Quels sont les enjeux portés par le « Carrefour des innovations sociales », un projet initié par le CGET et la Fonda et sélectionné dans le cadre du Programme d’investissement d’avenir (PIA) ?

Élise Lalique : Le moteur de recherche et la cartographie du « Carrefour des innovations sociales » permettent, pour la première fois, de trier et de localiser facilement les innovations sociales aujourd’hui dispersées sur plein de sites web. Plus les projets partagés sur la plateforme seront nombreux, mieux elle fonctionnera. Aujourd’hui, à partir de 12 sites référencés, nous avons déjà remonté 5 000 projets accessibles sur la version bêta ! Ça ouvre de belles perspectives. On cherche donc de nouveaux partenaires pour partager leurs projets et enrichir la plateforme.

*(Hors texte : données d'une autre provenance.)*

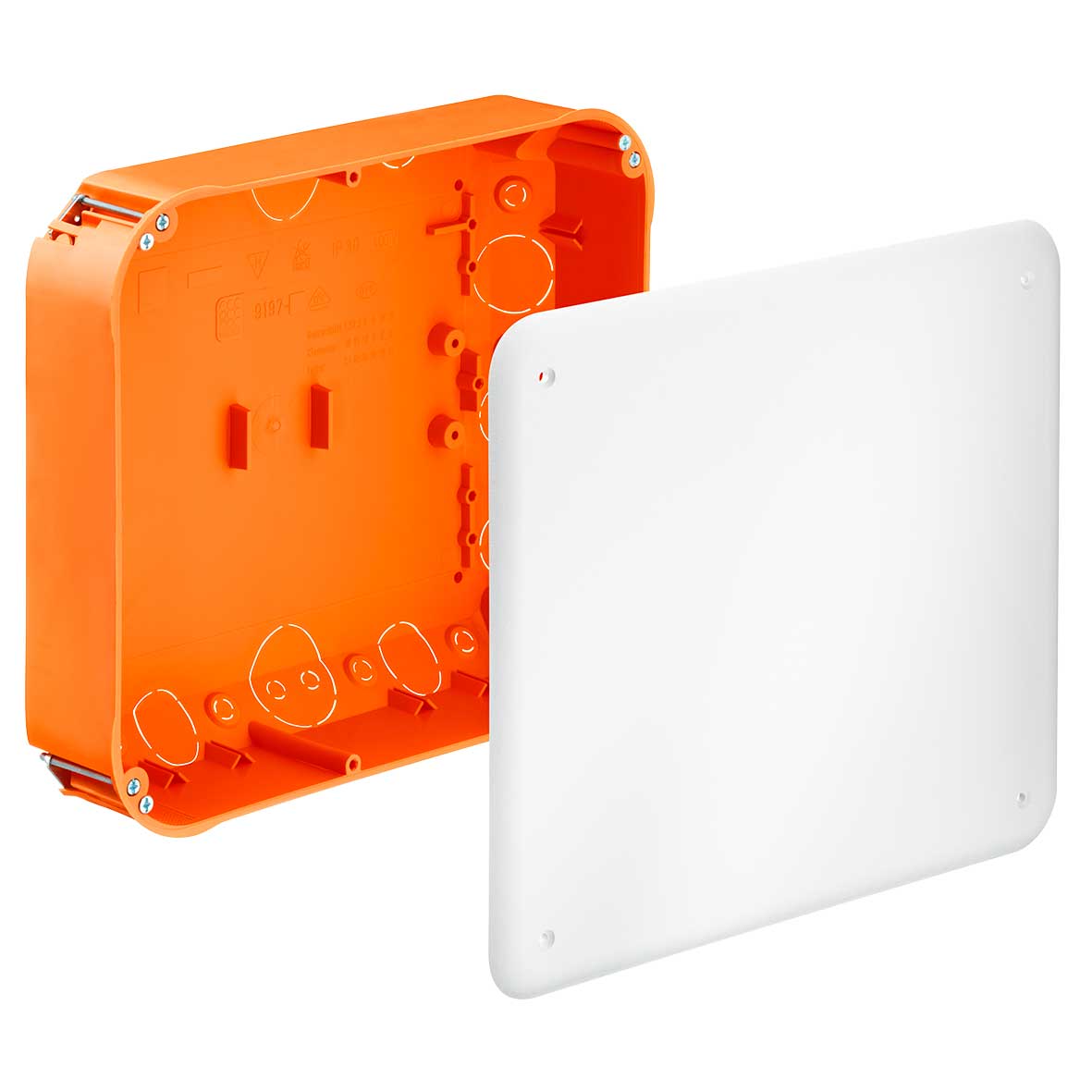 Verbindungskasten 235 x 205 x 72 mm (9197-91). Verbindungskästen in allen Größen und für fast alle Aufgaben. Dieses Programm zeichnet sich durch seine praxisnahen Gehäusegrößen sowie die baustellengerechte, robuste Bauart der Gehäuse aus. Installationsart: Basis-Installation | Anwendungsgebiet: Für Leitungsverbindungen | Tiefe: 72 mm | Fräsloch Ø: 4 x 68 mm | Länge: 235 mm | Breite: 205 mm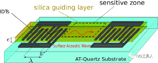 SAW传感器是电子技术与材料科学相结合的产物,它由振荡器、敏感的界面膜材料和振荡电路组成。SAW传感器的核心部件是振荡器,由压电材料基片和沉积在基片上不同功能的叉指换能器所组成。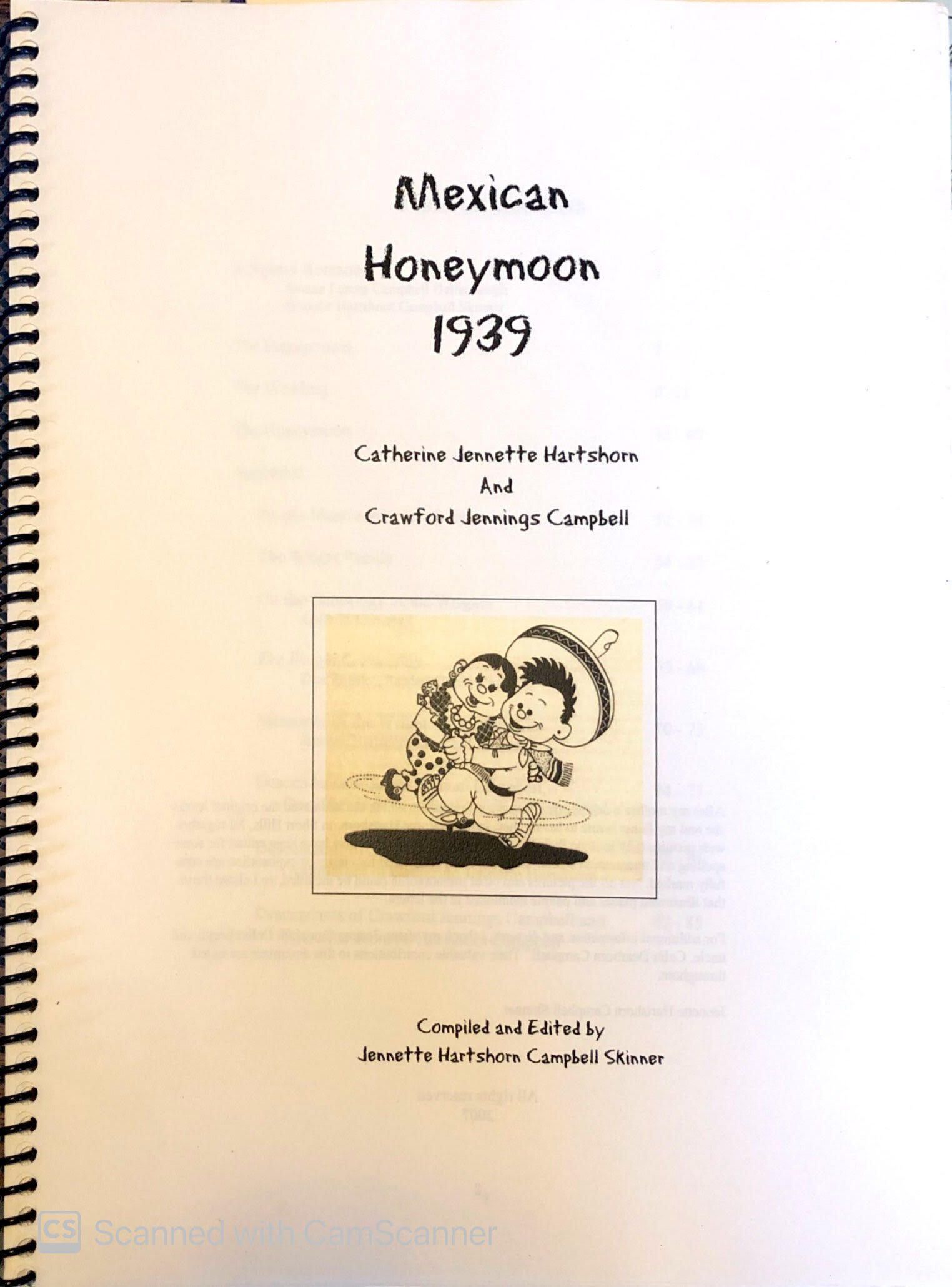 Book entitled "Mexican Honeymoon 1939," compiled and edited by Jennette Hartshorn Campbell Skinner. Compilation of letters written by newlywed couple Catherine Jennette Hartshorn and Crawford Jennings Campbell to Hartshorn's mother. Recent updates/photos of family tree/family attached the back of the book.Acquisition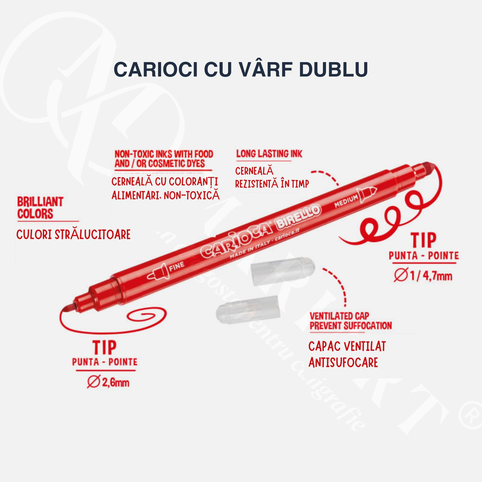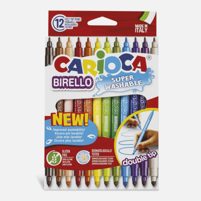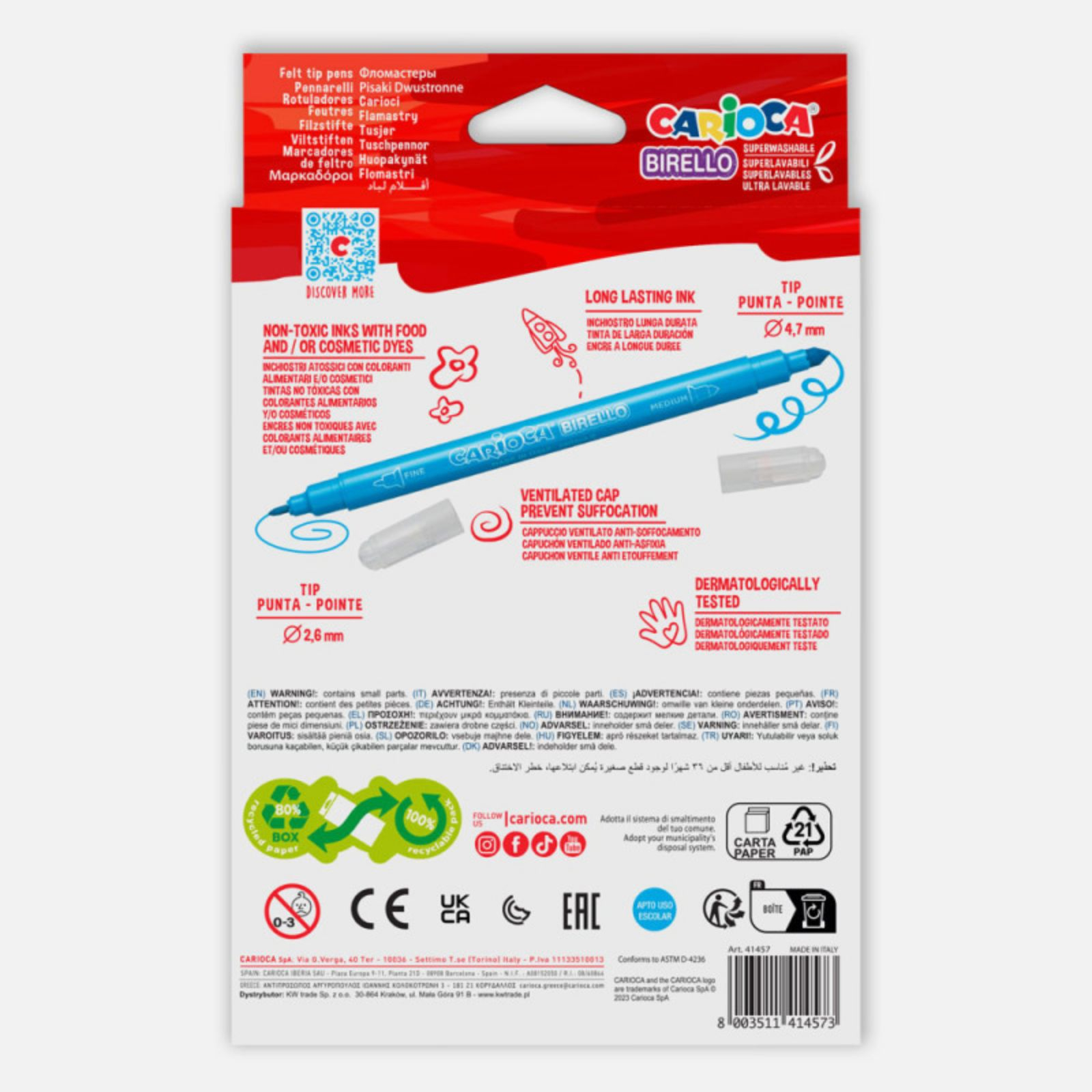Cariocile Carioca Birello sunt alegerea ideala pentru copiii care vor mai multa libertate in desen si colorat. Datorita designului cu doua capete, aceste carioci ofera doua functii intr-un singur instrument: un varf subtire pentru detalii si contururi precise si un varf gros pentru colorarea rapida a suprafetelor mari.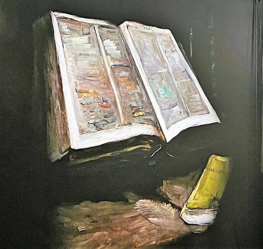 Still Life with Open Bible ~ In this 1885 painting, said to symbolize the different views of the artist and his father, Vincent Van Gogh paints a heavy and huge bible, open to Isaiah, 53, with its “man of sorrows and grief” passage. The other book is lighter and well-thumbed, Emile Zola’s Joie de Vivre • “Open Book” haiku poem and photo of projected image of “Open Bible” painting shown in the Immersive Van Gogh traveling Exhibition, by Mary O’Connor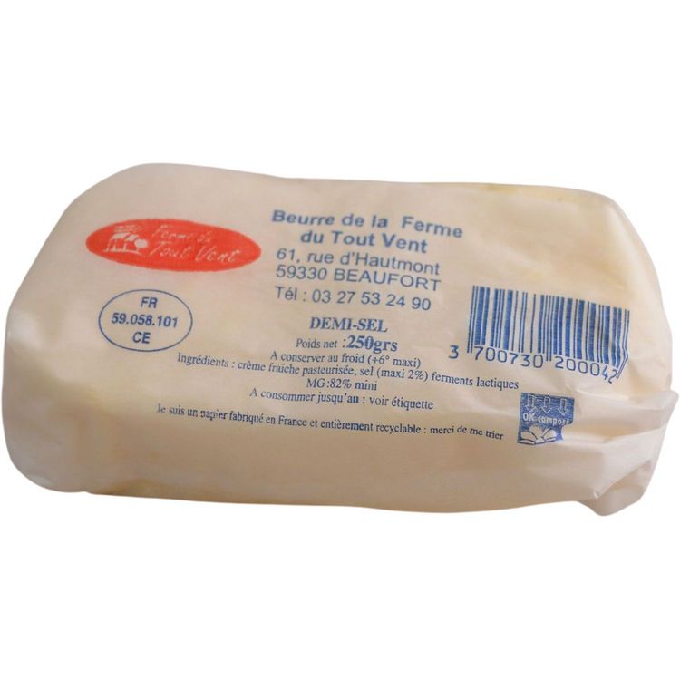 La Ferme du Tout Vent vous propose son beurre demi sel. Un produit artisanal au goût authentique à partir du bon lait de leurs vaches. La Ferme du Tout Vent, basée à Beaufort dans le Nord, est une exploitation familiale depuis 4 générations. Sur la ferme,les trois frères, Jean-Baptiste, Etienne et Matthieu Gorisse, élevent leurs vaches dans le plus grand soin, s'occupent de la traite ainsi que de la transformation des produits laitiers frais ( beurre, yaourt, fromage blanc, crème, ... ).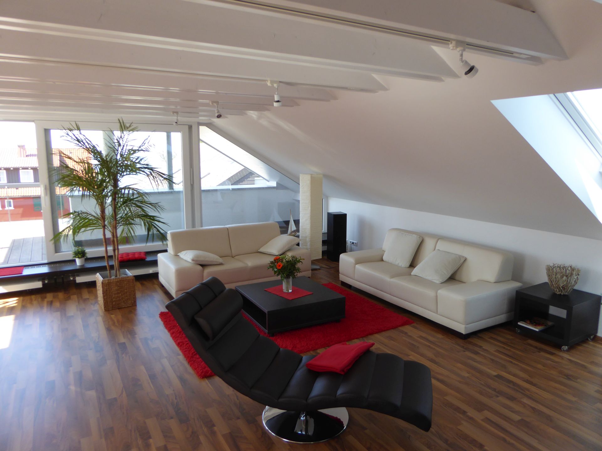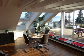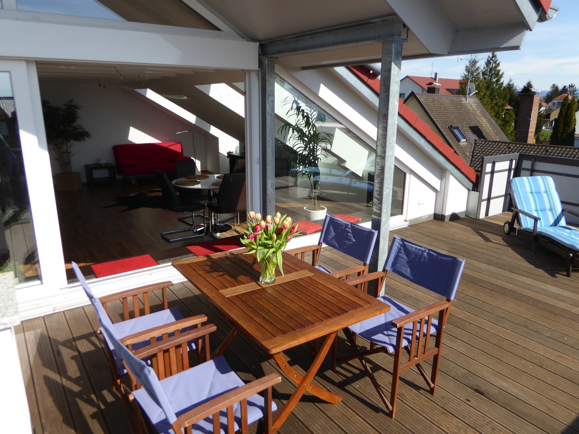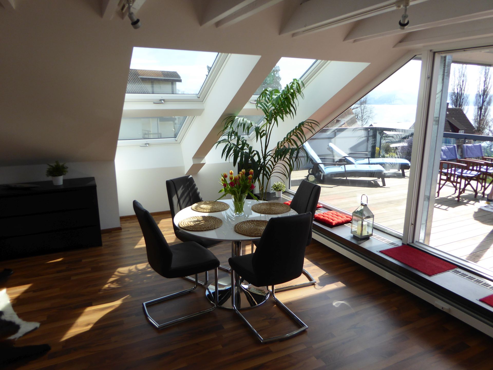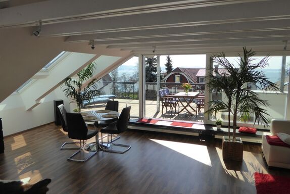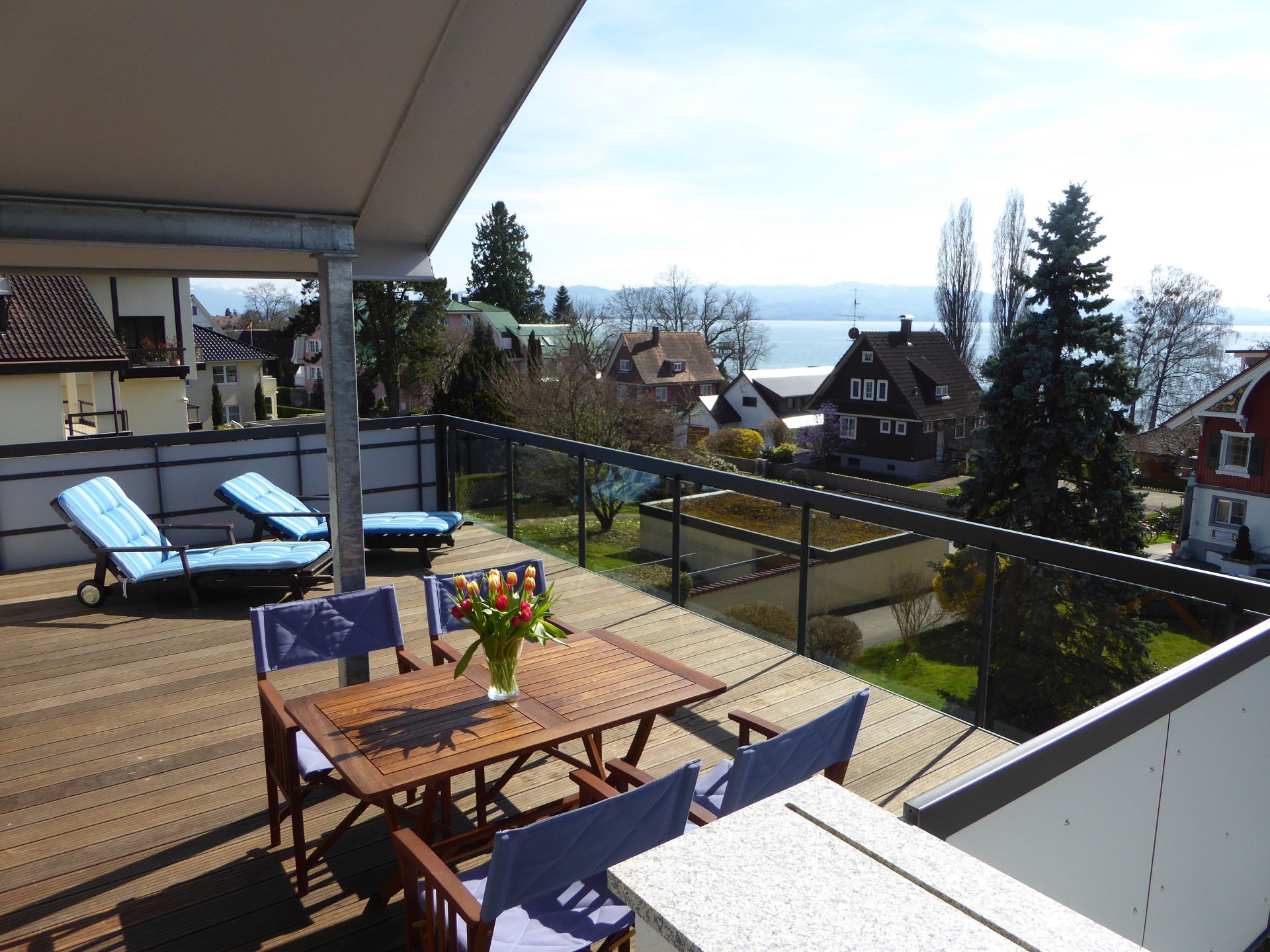 Die Ferienwohnung ist ca.110qm groß und bietet Platz für bis zu vier Personen. Sie liegt in der zweiten Etage eines 5-Familienhauses und nimmt das komplette Dachgeschoss ein. Die Wohnung zeichnet sich besonders durch einen traumhaften Blick auf den Bodensee bis hin zu den Schweizer Alpen vom komplett zum See verglasten Wohnzimmer und der ca. 30qm großen Dachterrasse aus. Das großzügige und lichtdurchflutete Wohnzimmer hat ca. 50qm und ist modern eingerichtet. Sie finden dort eine gemütliche Couchgarnitur, Esstisch mit vier Stühlen am Fenster, eine Doppelschlafcouch (160x200) und einen Relax- und Fernsehsessel. Ein 46Zoll Flachbildfernseher gehört ebenso zur Ausstattung wie eine Stereoanlage mit CD Player. Das Schlafzimmer ist ausgestattet mit einem Doppelbett (180x200), einem großzügigen Einbauschrank und einem Kosmetiktisch mit großem Spiegel. Im hellen Wohlfühlbad mit Eckbadewanne, separater Vollglas-Duschkabine, Waschtisch und WC fühlen Sie sich mit Sicherheit Wohl! In der separaten Küche finden Sie neben einem Backofen und einem Ceran Kochfeld den Kühlschrank mit Gefrierfach, eine Geschirrspülmaschine, eine Mikrowelle, eine Kaffeemaschine, einen Toaster und einen Wasserkocher. Im Flur befindet sich eine großzügige Garderobe.

Julien Paris : En croisant à l’échelle nationale tout ce qui est proposé à l’échelle locale ou sur un secteur donné, la plateforme va donner de l’importance aux innovations sociales et du poids à leurs acteurs, trop peu visibles. Notre souhait, c’est que nos utilisateurs se servent du site comme d’un outil facilitant leur métier : benchmark, mise en lien de porteurs de projets, aide à la décision publique, positionnement des acteurs privés sur le territoire…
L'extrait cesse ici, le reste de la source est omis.